Hood v. Hood

128 So. 546, 14 La. App. 424, 1930 La. App. LEXIS 241
CourtLouisiana Court of Appeal
DecidedJune 2, 1930
DocketNos. 3817—3818
StatusPublished
Cited by1 cases

This text of 128 So. 546 (Hood v. Hood) is published on Counsel Stack Legal Research, covering Louisiana Court of Appeal primary law. Counsel Stack provides free access to over 12 million legal documents including statutes, case law, regulations, and constitutions.

Bluebook
Hood v. Hood, 128 So. 546, 14 La. App. 424, 1930 La. App. LEXIS 241 (La. Ct. App. 1930).

Opinion

DREW, J.

These two suits are based upon the same state of facts and involve the same questions of law. Both seek to set aside and annul a notarial act of sale of land made by the plaintiffs to the defendant F. Malcolm Hood upon the ground of non-payment of the purchase price.

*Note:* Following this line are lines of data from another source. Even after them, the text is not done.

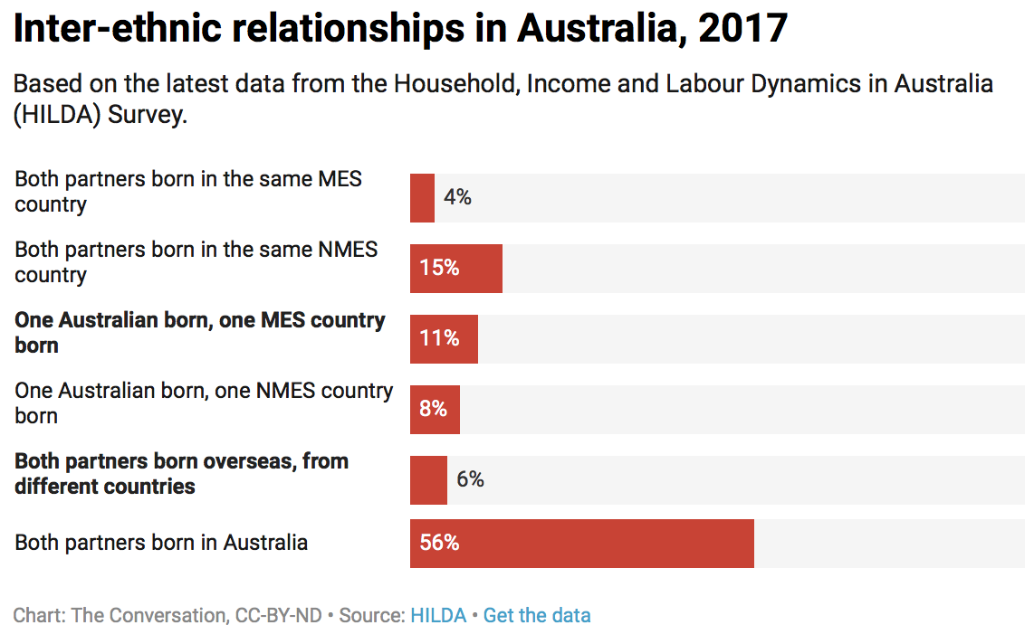 This year, the Household, Income and Labour Dynamics in Australia (HILDA) Survey released data on inter-ethnic couples – couples where the partners were born in different countries – in Australia. The survey found that in 2017, around one in four relationships in Australia were inter-ethnic.
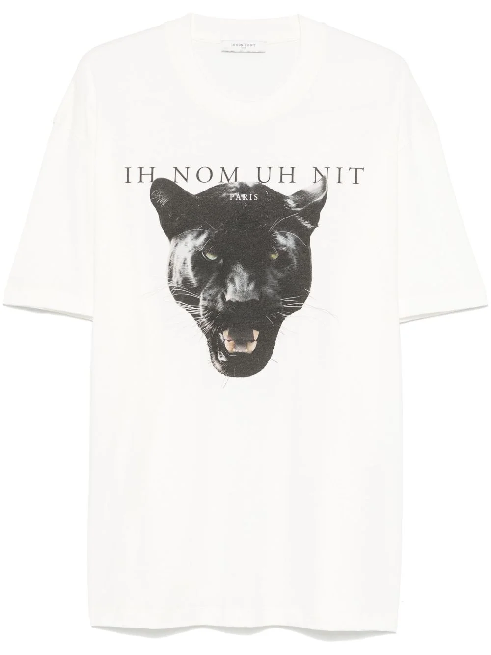 panther-print T-shirt Highlights - Light beige - Logo print at the chest - Crew neck - Short sleeves Made in Italy Composition Cotton 100% SIZE & FIT Model measurements Height 6 ft 2 in(1.89 m) Bust/Chest 35.03 in(89 cm) Hips 38.18 in(97 cm) Waist 29.92 in(76 cm) FittingInformation Designed to be unstructured, offering a loose fit throughout Made from a midweight non-stretch fabric, this piece offers minimal elasticity when worn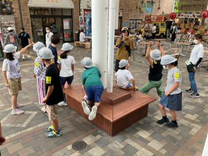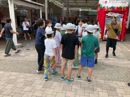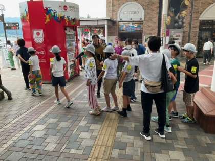 談合坂サービスエリアに到着しました。バスの中では、自己紹介をしたり、クイズをしたりして過ごしています。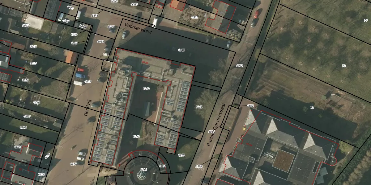Het perceel waarop Voorste Horst 40 staat heeft een oppervlakte van 1700 m². Dit is een zeer groot perceel. De perceeloppervlakte wordt geregistreerd door het Kadaster. Gedetailleerde informatie over de maten van dit perceel kunt u vinden in het rapport Kadastrale kaart met maatvoering van Voorste Horst 40.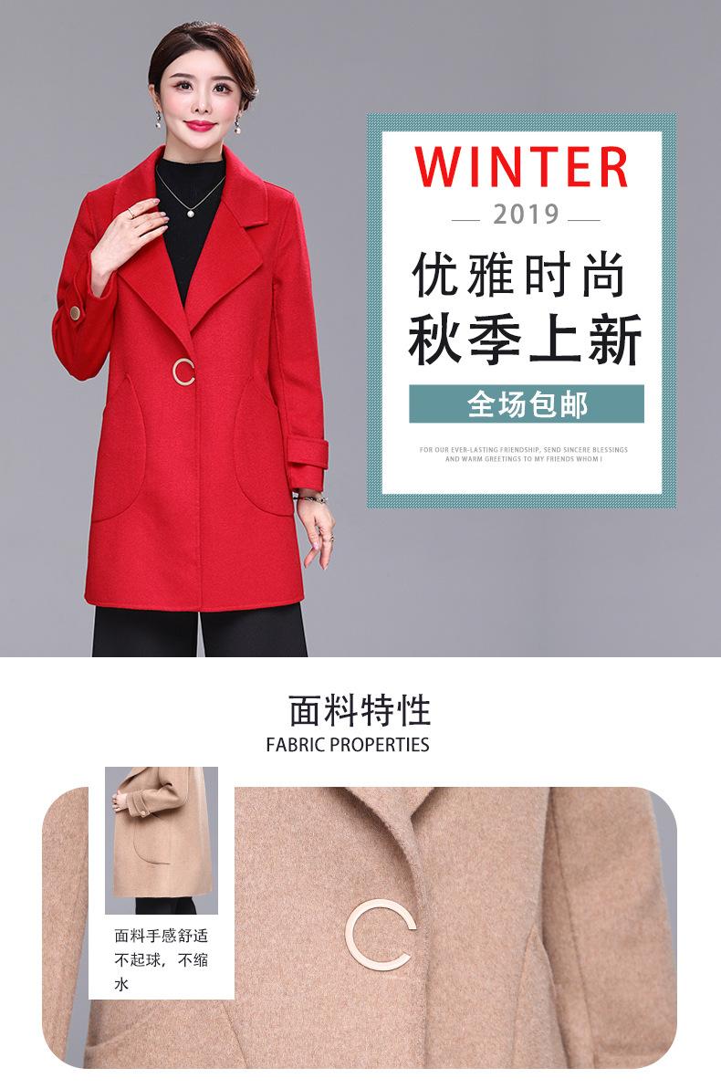 Abrigo de Lana de Doble Cara para Madre Abrigo de Cachemira para Mediana Edad Abrigo Midi Largo para Mujer Abrigo de Lana para Mujer Otoño e Invierno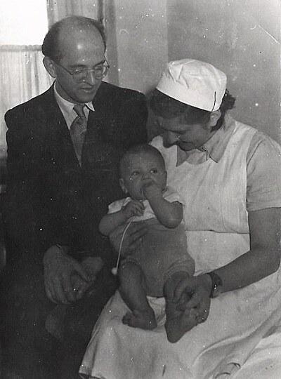 ... a tady je moje maličkost. S rodiči. Mateřská byla tehdy krátká, a tak se maminka brzy vrátila do práce v nemocnici. Kdo to fotil, to už si vážně nepamatuju, ale snímek je z rodinného archivu. Tak snad neporuší pravidla o autorských právech.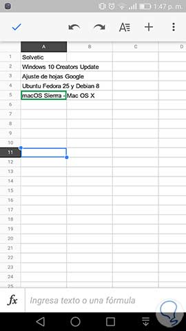 Así de sencillo es realizar el ajuste de texto en Hojas de cálculo en dispositivos móviles.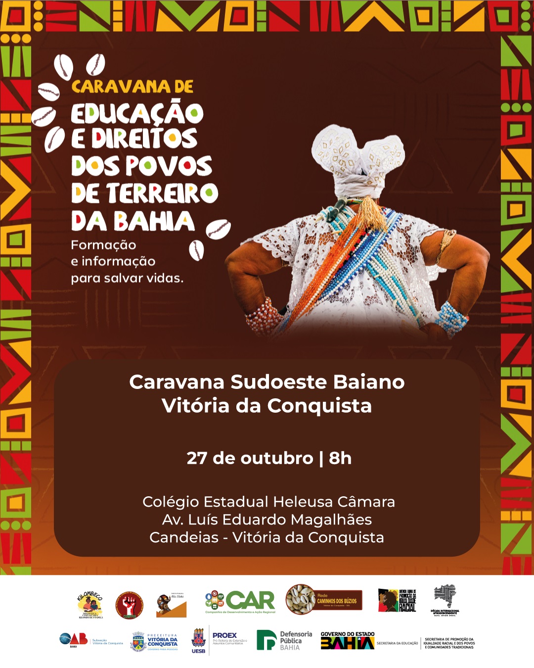 A Caravana de Educação em Direitos dos Povos de Terreiro da Bahia, iniciativa da Secretaria de Promoção da Igualdade Racial e dos Povos e Comunidades Tradicionais (Sepromi) e da Defensoria Pública do Estado (DPE), chega a Vitória da Conquista nesta sexta-feira (27). A atividade reunirá povos de terreiro de diversos municípios do sudoeste baiano para um ciclo de formação, das 7h30 às 17h, no Colégio Estadual Profª. Heleusa Figueira Câmara, localizado no bairro Candeias.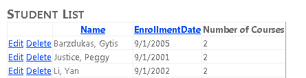 Open the Students.aspx page that you created in the previous tutorial. As currently configured, the GridView control in the page displays all the names from the People entity set. However, you want to show only students, which you can find by selecting Person entities that have non-null enrollment dates.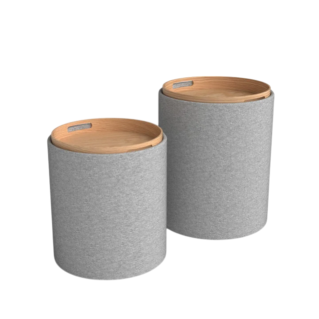 SET 2 TABURETI MULTIFUNCTIONALI GRI DESCHIS AVIKO, CU SPATIU PENTRU DEPOZITARE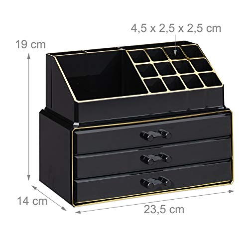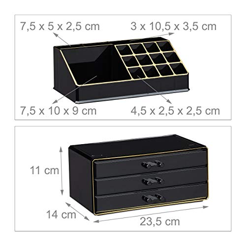 Relaxdays Portatrucchi, 2 Organizer Combinabili, Portaoggetti per Cosmetici con Cassetti, Multiuso, Versatile, Nero/Oro, 1 pz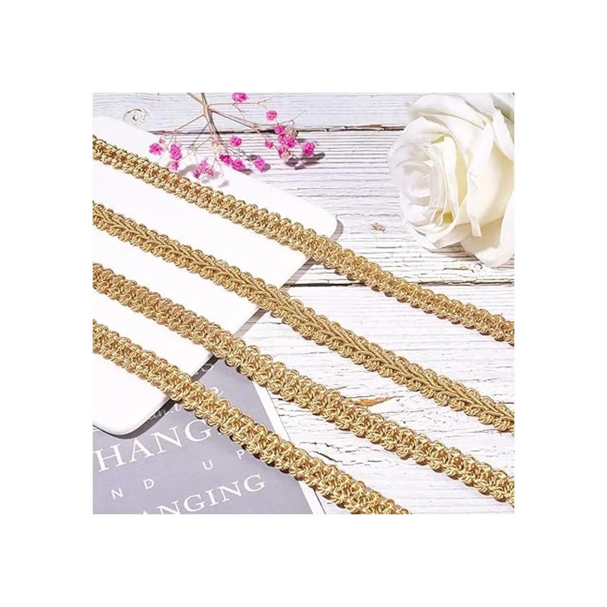 El paquete incluye: 14 yardas de ribete trenzado con hermoso patrón de desplazamiento.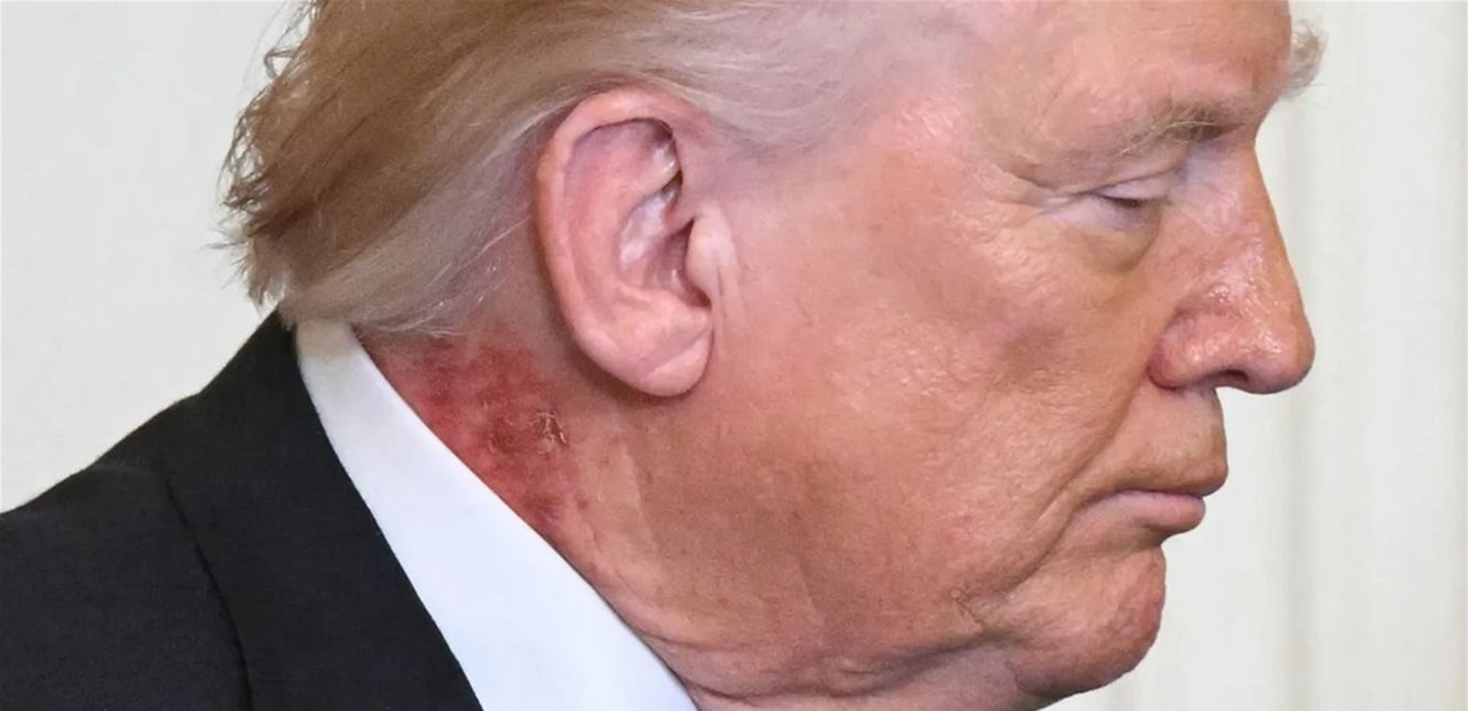 بدت شبيهة بالطفح الجلدي.. "بقعة حمراء" في رقبة ترامب تثير التساؤلات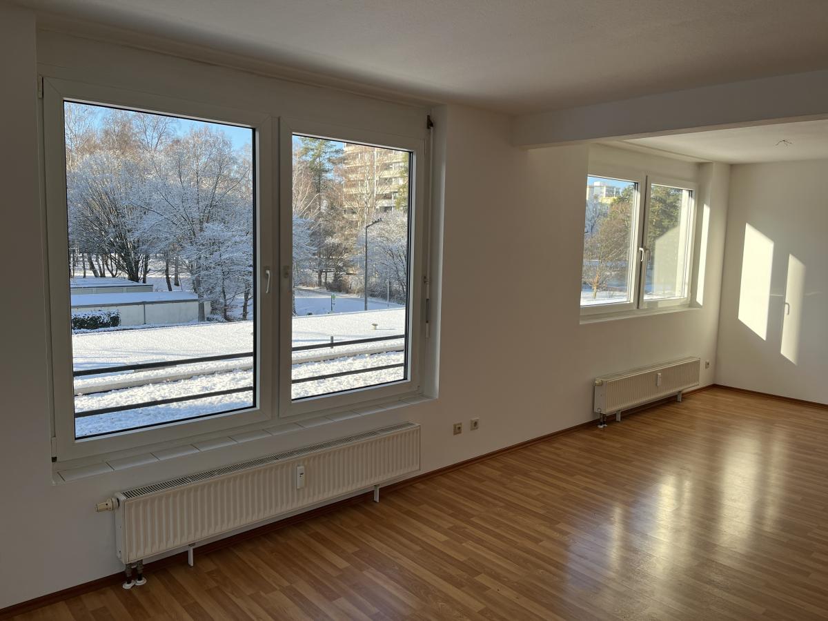 Schöne, helle Wohnräume mit Laminatboden. Wände und Decken frisch weiß gestrichen.

The plaintiff Mrs. Mary L. Hood, in suit No. 38X7, is surviving widow of J. E. Hood, deceased, and the other plaintiffs are two of the daughters of J. E. Hood, deceased, who were minors when the act of sale of which they complain was executed, but have since become majors or emancipated by marriage. Mrs. Mary L. Hood’s only interest in the suit is that she was tutrix of the other two plaintiffs at the time of the sale and will be liable to said heirs if they should fail in this suit. The plaintiff in suit No. 38X8 is another child of J. E. Hood, deceased, and the defendant F. Malcolm Hood is the fourth and only other child. •

J. E. Hood died intestate in the year 1920, leaving no debts and four hundred acres of land unincumbered. The family continued to reside on the place, which was community property, being inherited, one undivided half by the four children, and the other half by the widow in community. Defendant F. Malcolm Hood went into the mercantile business and also operated the farm, and within a few years had become very greatly involved and was unable to pay his debts. One of the creditors of F. M. Hood, Beal-Burrow Dry Goods Company of Little Rock, Ark, filed suit against him and took judgment for the sum of $1,722.79, less some small credits. This judgment was rendered on June 10, 1924. No steps were taken to execute the judgment until September 20, 1929, when a fi. fa. issued and the four hundred acres above spoken of as having been left by J. E. Hood, deceased, were seized; thereupon, the aforesaid suits were filed.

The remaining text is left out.